▶ **Material to process**
• • • •
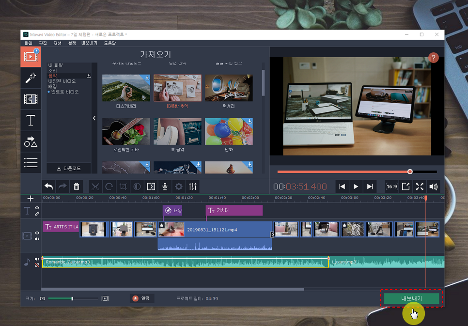 영상 편집 프로그램 Movavi에서 유튜브에 추가할 소리나 음악은 어떻게 넣을 수 있을까요? 가져오기 항목에서 소리 나 음악은 추가할 수 있는데, 내 컴퓨터에 저장된 음악이나 직접 녹음한 내레이션을 넣을 수도 있으며 모바비에서 제공하는 파일을 쓸 수도 있습니다.
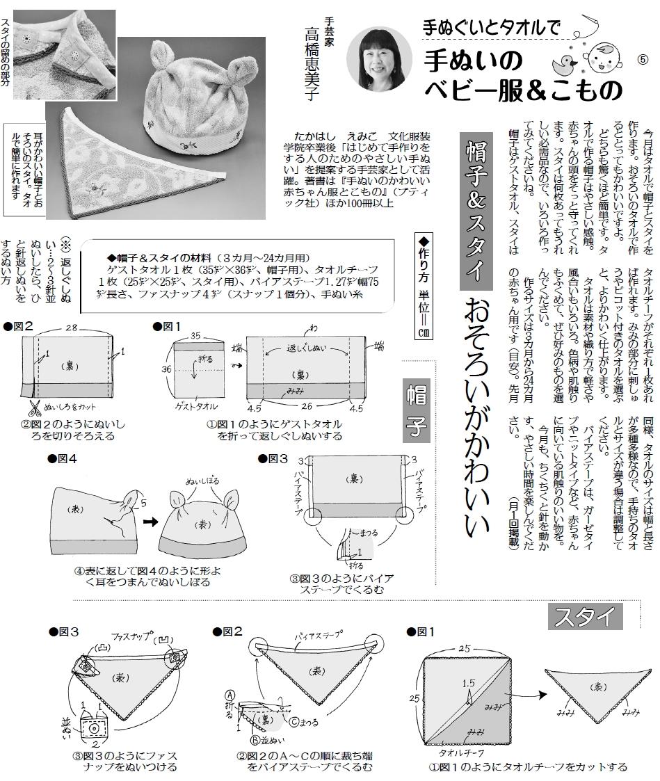 ★手芸家の高橋恵美子さんが紹介する「手ぬぐいとタオルで 手ぬいのベビー服&こもの」(月1回掲載)。5回目は「帽子&スタイ おそろいがかわいい」です。(紙面を見る、12月27日付)
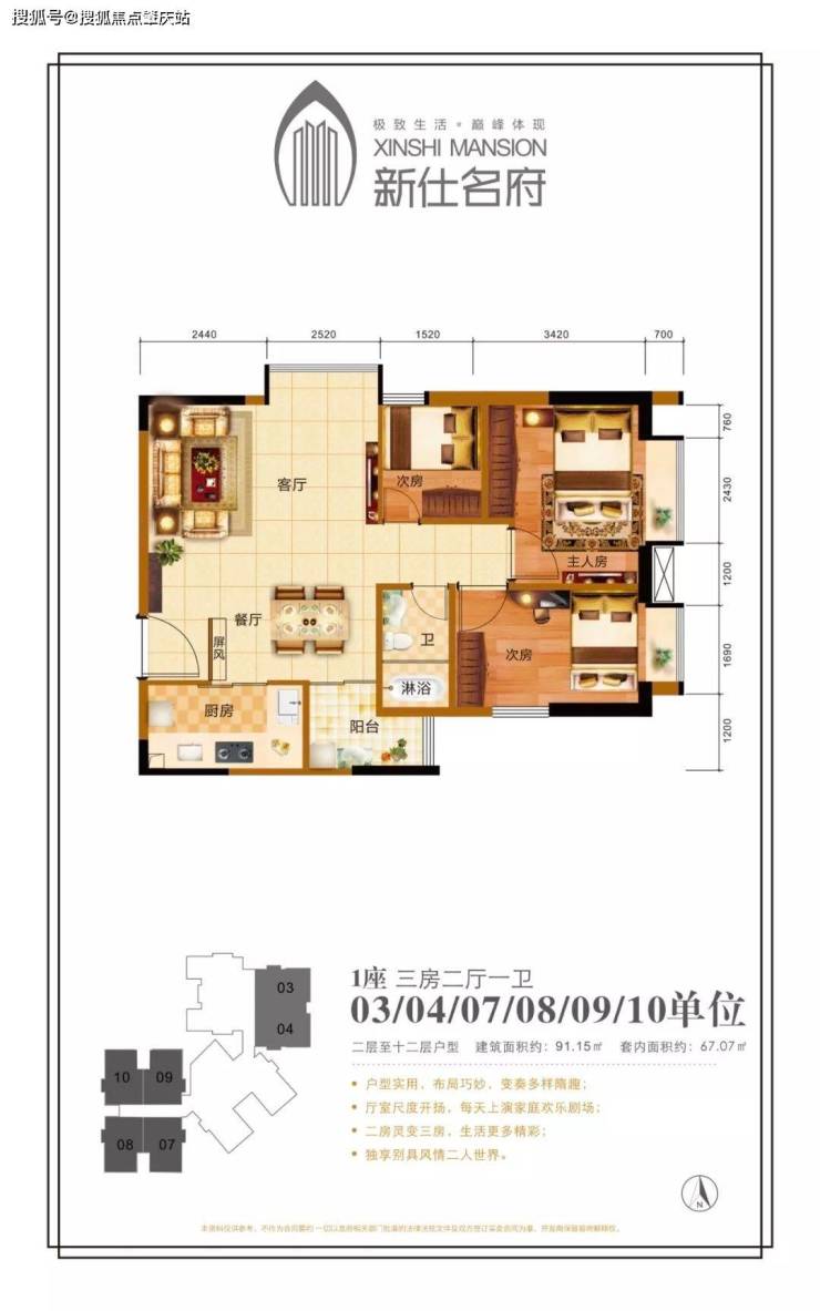 平层公寓:71-92㎡二至三房,层高3.1米,可明火,民用水电计价
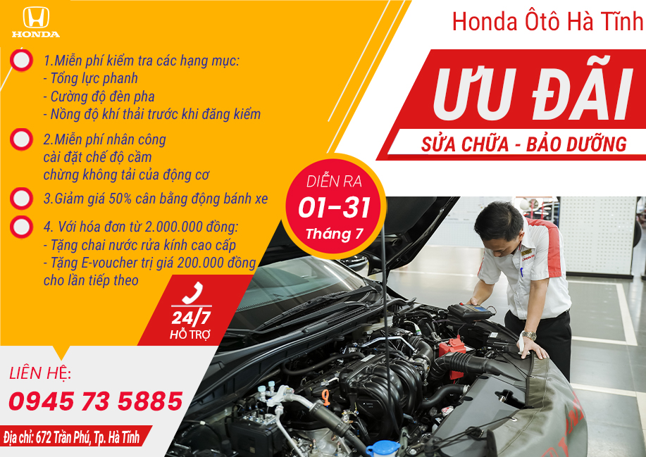 Khuyến Mãi Dịch Vụ Sửa Chữa – Bảo Dưỡng Tháng 7/2023 Honda Ôtô Hà Tĩnh...
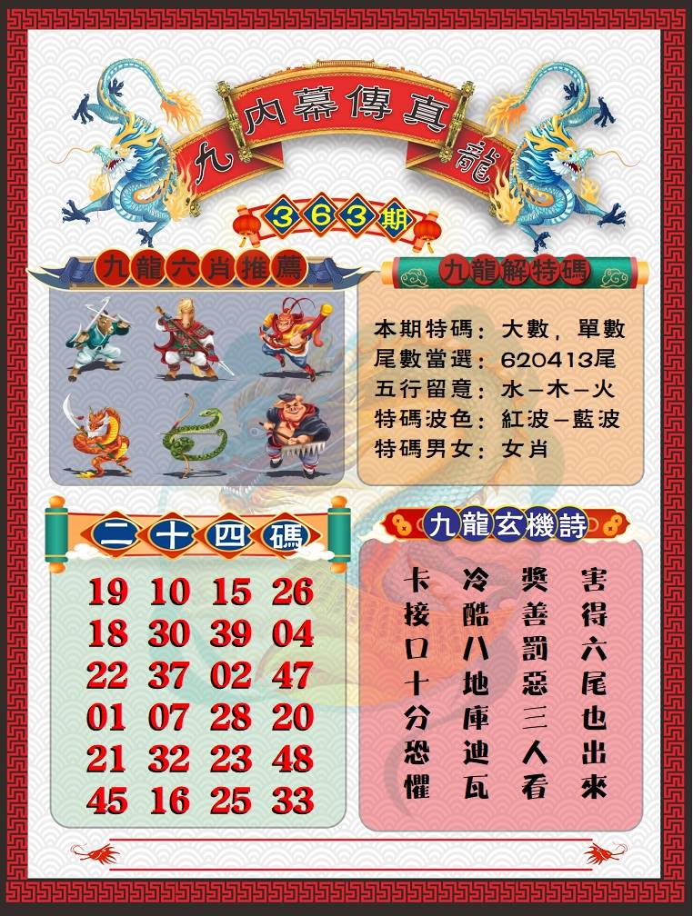 | 363期 | 狗兔猴 | 猴龙 | 猴 |
• • • •
▶ **Task goal**
Each entry above must be duplicated precisely; none of the pictures may be included.

▶ **Answer for the task**
 영상 편집 프로그램 Movavi에서 유튜브에 추가할 소리나 음악은 어떻게 넣을 수 있을까요? 가져오기 항목에서 소리 나 음악은 추가할 수 있는데, 내 컴퓨터에 저장된 음악이나 직접 녹음한 내레이션을 넣을 수도 있으며 모바비에서 제공하는 파일을 쓸 수도 있습니다.
 ★手芸家の高橋恵美子さんが紹介する「手ぬぐいとタオルで 手ぬいのベビー服&こもの」(月1回掲載)。5回目は「帽子&スタイ おそろいがかわいい」です。(紙面を見る、12月27日付)
 平层公寓:71-92㎡二至三房,层高3.1米,可明火,民用水电计价
 Khuyến Mãi Dịch Vụ Sửa Chữa – Bảo Dưỡng Tháng 7/2023 Honda Ôtô Hà Tĩnh...
 | 363期 | 狗兔猴 | 猴龙 | 猴 |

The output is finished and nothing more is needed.